Je viens juste de commencer à appliquer la théorie des assiettes, et je dois dire en toute honnêteté que c’est probablement la meilleure décision que j’ai prise de toute ma vie. La sensation d’avoir des options est addictif ; l’idée même de ne pas aborder une relation dans un état émotionnel de besoin est fantastique. En fait, plus vous avez d’options, plus vous devenez attirant pour les femmes (grâce aux changements inconscients que cela entraîne dans votre comportement), plus les femmes sont attirées par vous, et plus vous avez d’options. Une fois que la machine commence à prendre, il est difficile de s’arrêter.

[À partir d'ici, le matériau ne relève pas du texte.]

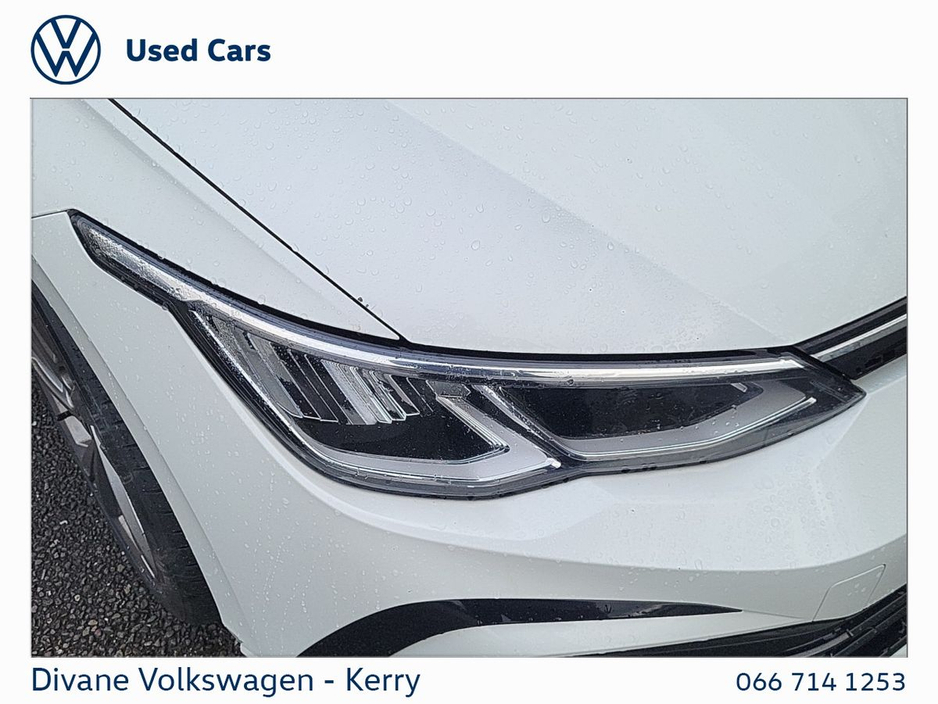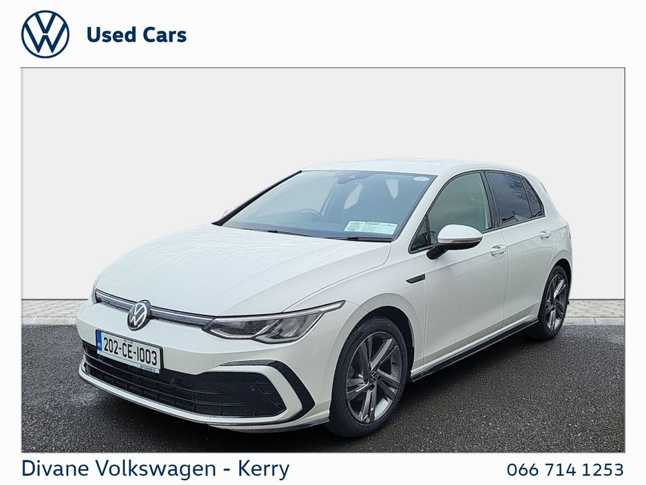 GOLF R-LINE 1.5 TSI 130 BHP IN ORYX WHITE PEARL EFFECT €190 ROAD TAX. CALL FOR MORE INFO! • Lane change assist • Android Auto • Apple CarPlay • Radio • Keyless entry • Electric handbrake • Lumbar support • Sports seats • LED headlights • Isofix • Lane departure warning • Tyre pressure monitor • Climate control • Dual zone climate control • Adaptive cruise control • Auto lights (dusk sensor) • Touch screen display • Remote boot release • Speed limiter • Start-stop system • ABS • Alarm system • Bluetooth • Emergency brake assist • USB connection (front) • Electric windows • Driver-side airbag • Passenger-side airbag • Hill hold assist • Stability control • Heated steering wheel • Multi-function steering wheel • Alloy wheels • Wifi • 12v power outlet • Air conditioning • Ambient lighting • Central locking • Immobilizer • Electric side mirrors • Heated seats • Navigation system • Front parking sensors • Rear parking sensors • Seat belt warning • Side airbag • Spoiler • Sport suspension • Multi zone climate control • Anti collision system • USB connection (rear) • Cruise control • Daytime running lights • Traction control • Armrest • Spare type • Voice control • Digital instrument panel • Parking camera • Leather steering wheel • Traffic sign recognition • Rain sensor • VW Bank Finance Available

Récemment, j’ai fait tourner plusieurs assiettes avec un certain succès, mais j’angoisse à l’idée qu’une fille découvre un jour par mégarde l’existence d’une autre. Comment gérer cela sans risquer de perdre une de mes assiettes ? Dois-je même me donner la peine de faire tourner des assiettes qui n’ont pas autant de valeur que d’autres ?

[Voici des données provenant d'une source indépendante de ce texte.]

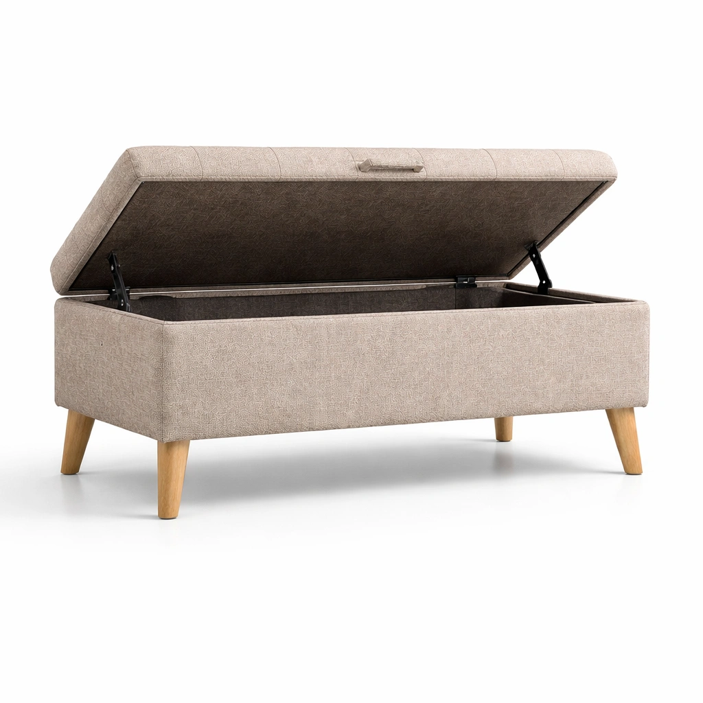 Banco de almacenamiento con revestimiento de poliéster. La estructura interior es de MDF y las patas son de madera. Presenta un acabado en color Beige. Las dimensiones son 100 cm de largo, 40 cm de ancho y 45 cm de alto. Peso total de 12 kg, ofrece almacenamiento funcional con capacidad de asiento gracias a su tapa abatible.

Posséder plusieurs options est le fondement de la confiance, alors essayez de ne pas y penser en termes de risque – comme si vous risquiez à tout moment de perdre une « fille géniale ». La plupart des hommes qui découvrent et mettent en pratique la théorie atteignent inévitablement un point où le jeu de la séduction et la rotation des assiettes leur donnent pour la première fois la sensation d’avoir de véritables options parmi lesquelles choisir, ou sur lesquelles se rabattre si une autre ne fonctionne pas. Les premiers problèmes surviennent lorsqu’à force de faire tourner suffisamment d’assiettes avec succès, ils pensent avoir atteint leur « meilleure » option, et que la mentalité de pénurie ancrée profondément en eux depuis leur enfance revient au galop. Souvent, un gars qui pratique le jeu de séduction et la rotation des assiettes ne fait pas réellement tourner des assiettes ; il utilise cet outil jusqu’à pouvoir saisir la première opportunité de monogamie qu’il convoite sans succès depuis si longtemps, puis abandonne. Il n’intériorise jamais une mentalité d’abondance.

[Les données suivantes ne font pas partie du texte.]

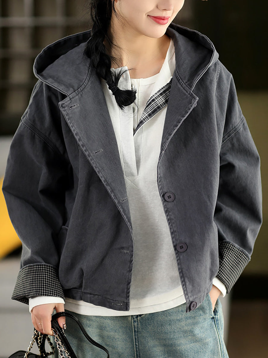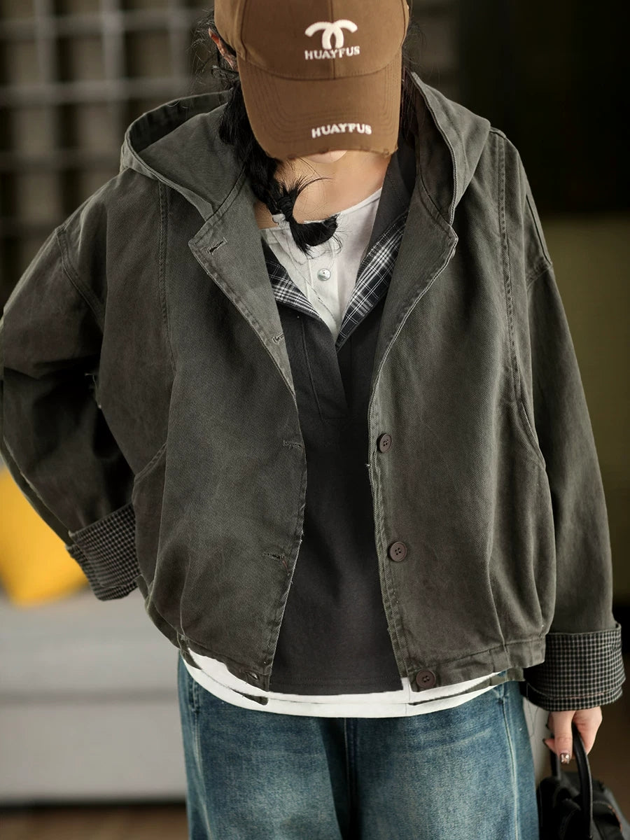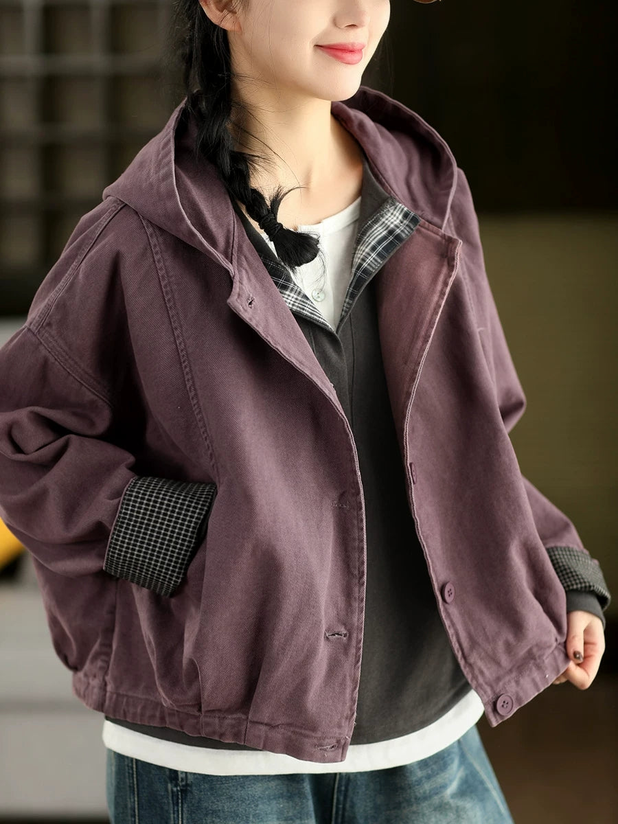 Abrigo con capucha 100 % algodón de color puro para mujer, informal, de primavera

Faire tourner des assiettes ne signifie pas nécessairement que vous avez des relations sexuelles avec toutes vos assiettes. Il s’agit plutôt de répartir ses efforts sur un groupe plus large de candidates. Certaines seront plus réceptives, et celles-ci, vous ferez le nécessaire pour les entretenir et les développer. D’autres ne le seront pas, ou se révéleront moins désirables qu’espéré, et celles-là, vous pourrez choisir de les laisser tomber. Ce n’est pas aussi difficile que cela en a l’air une fois que vous vous êtes réellement résolu à ne pas être exclusif. À un moment donné, certaines femmes parmi celles que vous séduisez tenteront de vous pousser à l’exclusivité, et c’est là que votre résolution sera mise à l’épreuve. Les femmes aiment répéter qu’elles ont un code moral entre elles, vous devez avoir un code moral également. Ne pas emménager avec une femme, ne pas tomber dans une routine avec elle, ne pas communiquer avec elle plus que le strict nécessaire à l’organisation de votre prochain rendez-vous, réserver vos week-ends pour les femmes qui ont déjà prouvé leur intérêt pour vous (c’est-à-dire vous ont offert l’accès à leur intimité), et réserver les mardis ou mercredis pour celles qui ne l’ont pas fait, etc. Cette « micro-gestion » peut sembler fastidieuse, mais une fois que vous commencerez à mettre cela en pratique avec pragmatisme, en accord avec votre rythme de vie, vous constaterez que les décisions concernant la gestion de vos assiettes deviendront automatiques.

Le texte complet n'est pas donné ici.